The rule is pretty simple: The less public service you have engaged in, the more qualified you are.
In Senate races so far this year, the establishment Republican in Nebraska lost to the Sarah Palin candidate in the Republican primary. In the Indiana race, conservative Treasurer Richard Mourdock beat Sen. Dick Lugar. In the Texas campaign, the candidate of the Republican establishment, Lieutenant Governor David Dewhurst, has been forced into a runoff by tea party backed candidate Ted Cruz. Ever been a moderate? Be afraid. Be very afraid.
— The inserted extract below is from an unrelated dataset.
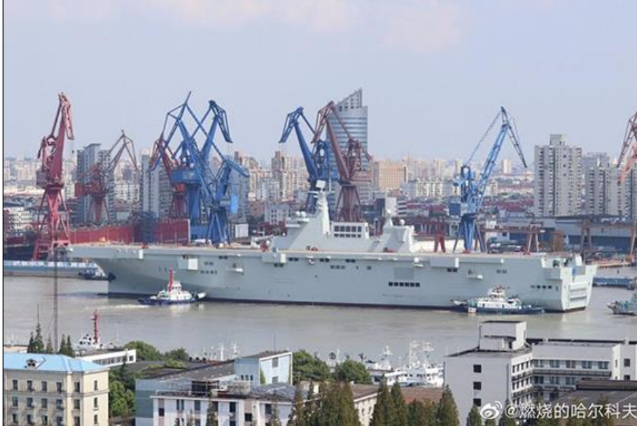
Figure 20. Type 075 Amphibious Assault Ship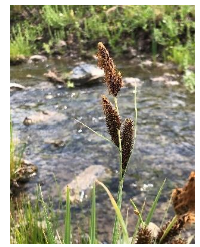
Nebraska sedge.

Water sedge is a medium sized, long-lived, perennial, moderately rhizomatous, native wetland plant found at mid to high elevations in saturated to shallow standing water conditions. It is adapted to moist loam to silt to sandy gravelly soils. Uses include food and cover for waterfowl and songbirds and increased biodiversity in

It looks as if Romney believes he can get to the White House without reconciling the varied and contradictory phases of his political life. Other politicians have changed their views once taking office, of course. Bill Clinton triangulated with a Republican Congress and reformed welfare.
The issue is not whether Romney as president will contradict the positions of Romney as candidate. Of that we can be confident. But Romney is a man with no fixed positions from which to deviate. It’s harder to accuse someone of intellectual hypocrisy when you don’t know where he stood in the first place.
Margaret Carlson is a Bloomberg View columnist.



Now that the Bain capital attack has failed. Lets move on to Massachusetts and see what we can dig up there. The Obama campaign and these journalist apologists are so transparent.
Businessmen generally do not make particularly good politicians. Their management focus is on short-term results, rather than long term policy planning. Running a business for the benefit of shareholders is very different from running a national economy for the benefit of over 300 million citizens. That is why most presidential candidates with business backgrounds fail to succeed and why those who did get elected haven’t been highly rated. As to the much ballyhooed efficiency of the private sector, many who have worked for or seen large corporations from up close know that they can be just as inefficient as government. After all, that is why Bain Capital became successful.
I think it would have behooved President Obama to have had at least one person in his administration that had business rather than purely academic experience. Not one paid adviser, department head , cabinet person outside of the figurehead business advisory council (which had no power) has business experience. Not one. An economy can choke on life long bureaucrats and academia.
“In Obama’s Cabinet, a full one-third of positions are occupied by appointees who, judging by their bios, have significant corporate or business experience”. See: Politifact.com
http://www.politifact.com/truth-o-meter/statements/2009/dec/02/glenn-beck/beck-says-less-10-percent-obama-cabinet-members-ha/
Lawyers, family members and consultants…..I suppose are business people, after a fashion, but they don’t know how a business works. So even though the claim may be true… because of the manner it was presented makes it false. Hmmmm.
There are no CEO’s, no CFO’s …… hows that.
Many CEO’s and CFO’s cannot run a business. A job title does not say it all.
Was it mentioned in the article that the house and
senate in Mass is overwhelmingly dem and that they
wouldn’t let a mouse sneeze unless it benefitted them.
Next you will be telling us Lizzy Warren is a full blooded
Cherokee Indian. Bloomberg Review….hmmm….didn’t
the wonderful mayor named Bloomberg just outlaw large
sodas? Go have a super sized before you can’t.
Oh, Margaret…would any D get the time of day from their base if he/she pointed to his/her time as governor of Idaho and all the great Conservative-ish things he/she did?